How much does it speed up if you run it backwards to dynamically preallocate?
for h = r:-1:1
dist(h, :) = sum(bsxfun(@minus, data(h,:), mtrx).^2, 2)';
end
3 Comments
Matt J
on 19 Sep 2014
Edited: Matt J
on 19 Sep 2014
This works column-wise instead of row-wise and gives Euclidean distance instead of square distance, but is otherwise the same as what you've asked for,
function Graph=interdists(A,B)
%Finds the graph of distances between point coordinates
%
% (1) Graph=interdists(A,B)
%
% in:
%
% A: matrix whose columns are coordinates of points, for example
% [[x1;y1;z1], [x2;y2;z2] ,..., [xM;yM;zM]]

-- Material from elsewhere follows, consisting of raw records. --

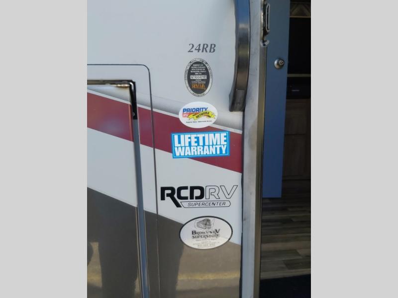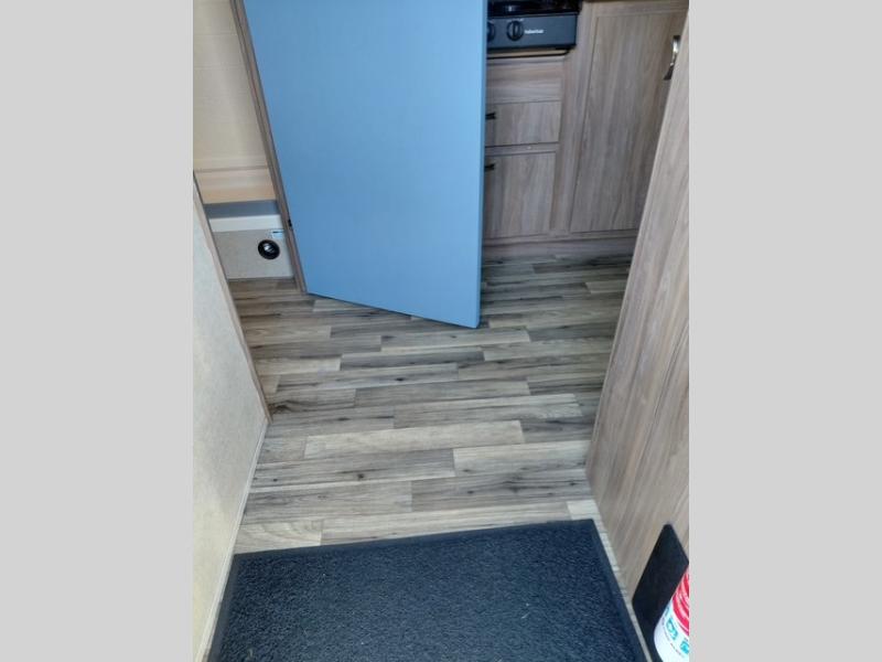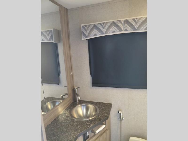 As you enter REV model 24RB you will find that the bathroom is located in the rear. To your immediate left there is a storage wardrobe for clothing, then inside the bath you will enjoy a shower, sink with overhead medicine cabinet, plus a toilet.
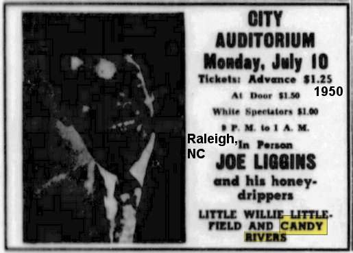Where they did play in July 1950 was the Raleigh, North Carolina City Auditorium on the 10th, along with Little Willie Littlefield. Liggins had, indeed, been going since late April, but Candy wasn't mentioned in any ads before Raleigh.
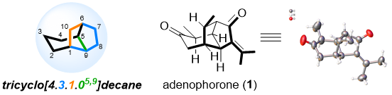 高峰教授课题组从紫茎泽兰植物的叶子中首次发现一个具有独特笼状三环[4.1.05,9]癸烷结构的倍半萜类新骨架化合物—(−)-adenophorone(1)(图1),通过NMR及X-Ray鉴定了该新骨架倍半萜的结构,并基于仿生策略高效简洁地完成了新化合物的不对称全合成研究。
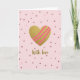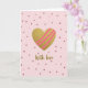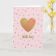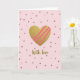 On the front of the card a large, shimmering golden heart sits at the center, catching the light like a treasured keepsake ❤️. Three diagonal fuchsia-pink bands sweep across the heart, like playful ribbons that suggest a close bond and shared laughter. The background is a soft pastel pink, calm and gentle, with scattered tiny rosy glitter dots that drift like confetti around the main shape. The dots vary slightly in size, adding depth and a cozy, romantic glow without crowding the design. Below the heart, the words “With love” appear near the lower center in flowing, cursive-style lettering, colored in warm gold to match the heart. The mix of glittery textures against the smooth pink backdrop feels like a quiet celebration, with a touch of sweetness 🌼. The golden heart has a rich sparkling texture, while the diagonal pink bands look smooth and opaque against it.
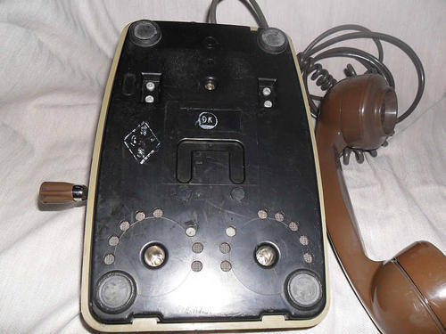 OLD TWO TONE CRANK HANDLE TELEPHONE - OLIVE GREEN AND BROWN - NO CHIPS OR CRACKS - THIS PHONE HAS NOT BEEN TESTED - SUPERFICIALLY IT SEEMS FINE - PLEASE VIEW PHOTOGRAPHS - POSTAGE R45
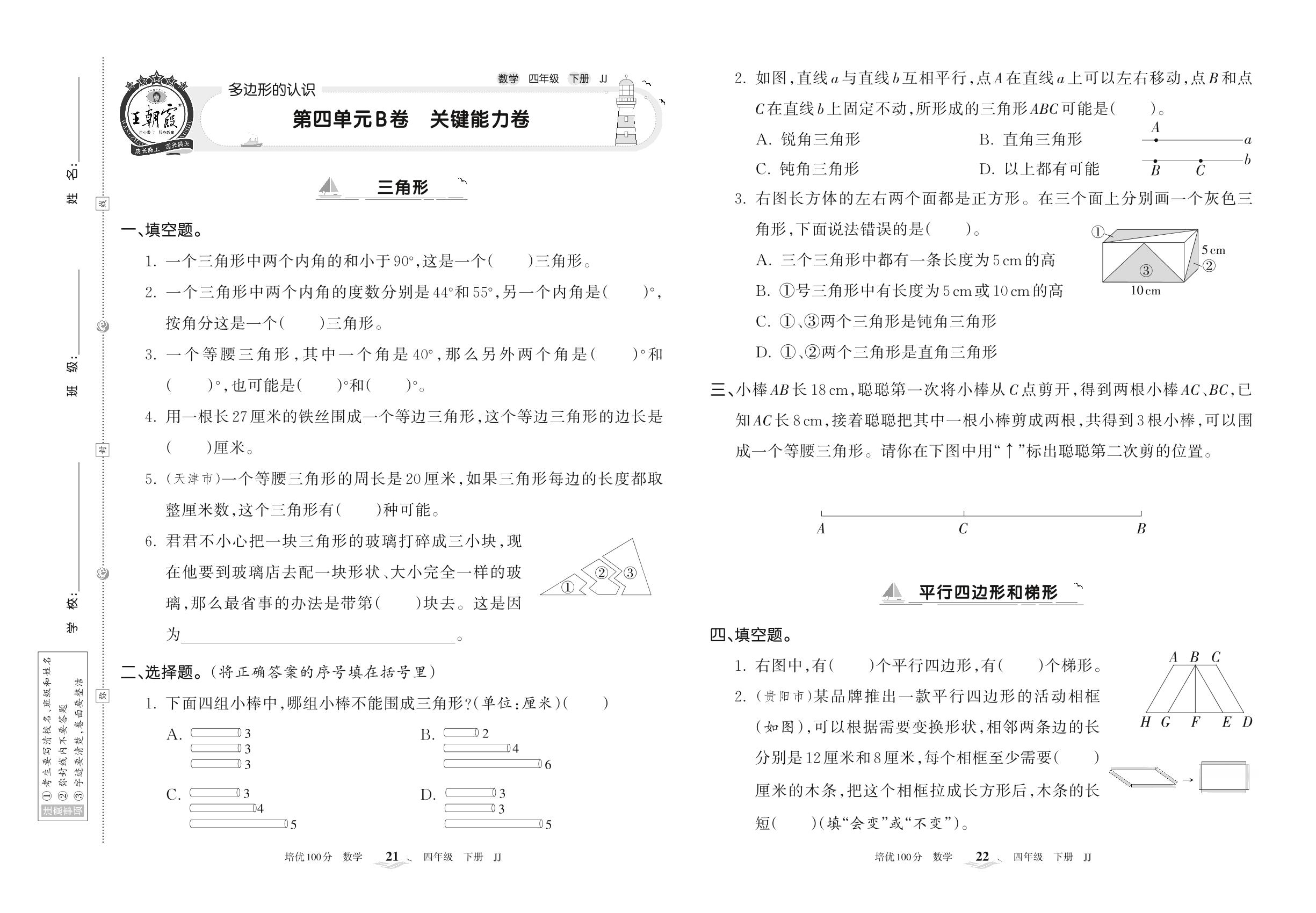 2022下册四年级数学冀教版 第四单元B卷 关键能力卷
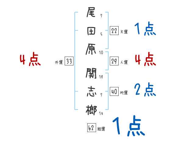 尾田原関志榔さんの画数の鑑定結果
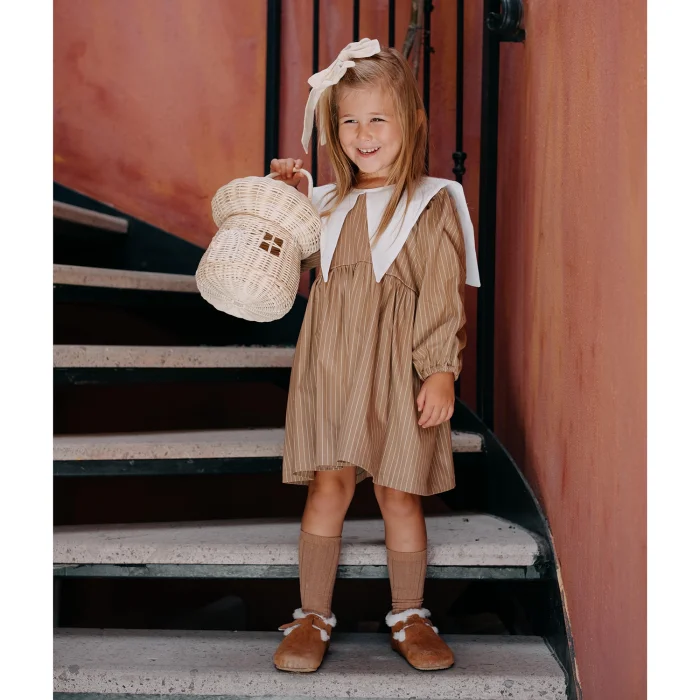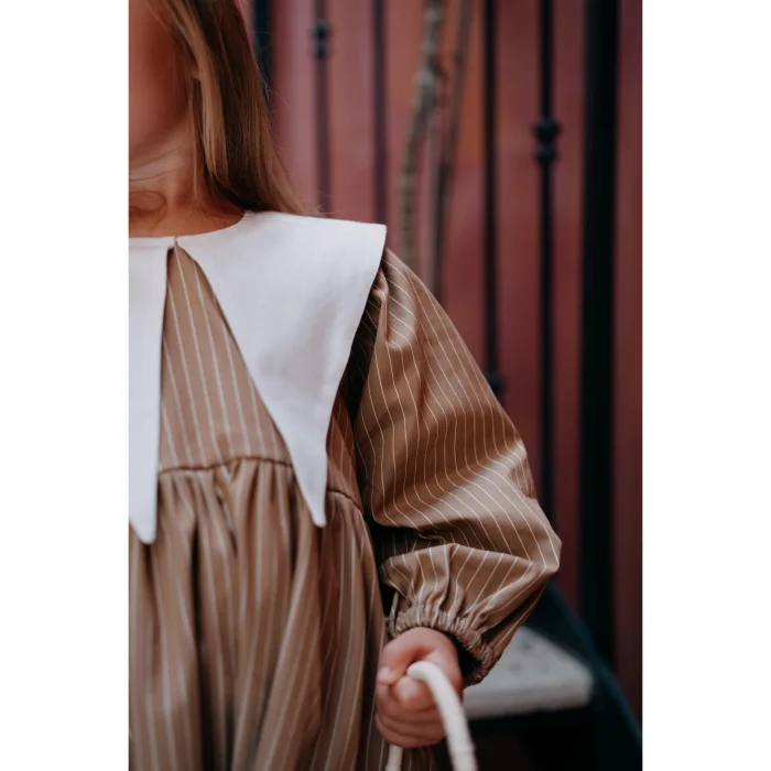 Krem beyaz çizgili elbise. Üçgen kesim beyaz yaka detayı.

% but the columns may be points in a space of any dimension, not just 3D.
%
% B: A second matrix whose columns are coordinates of points in the same
% Euclidean space. Default B=A.
%
%
% out:
%
% Graph: The MxN matrix of separation distances in l2 norm between the coordinates.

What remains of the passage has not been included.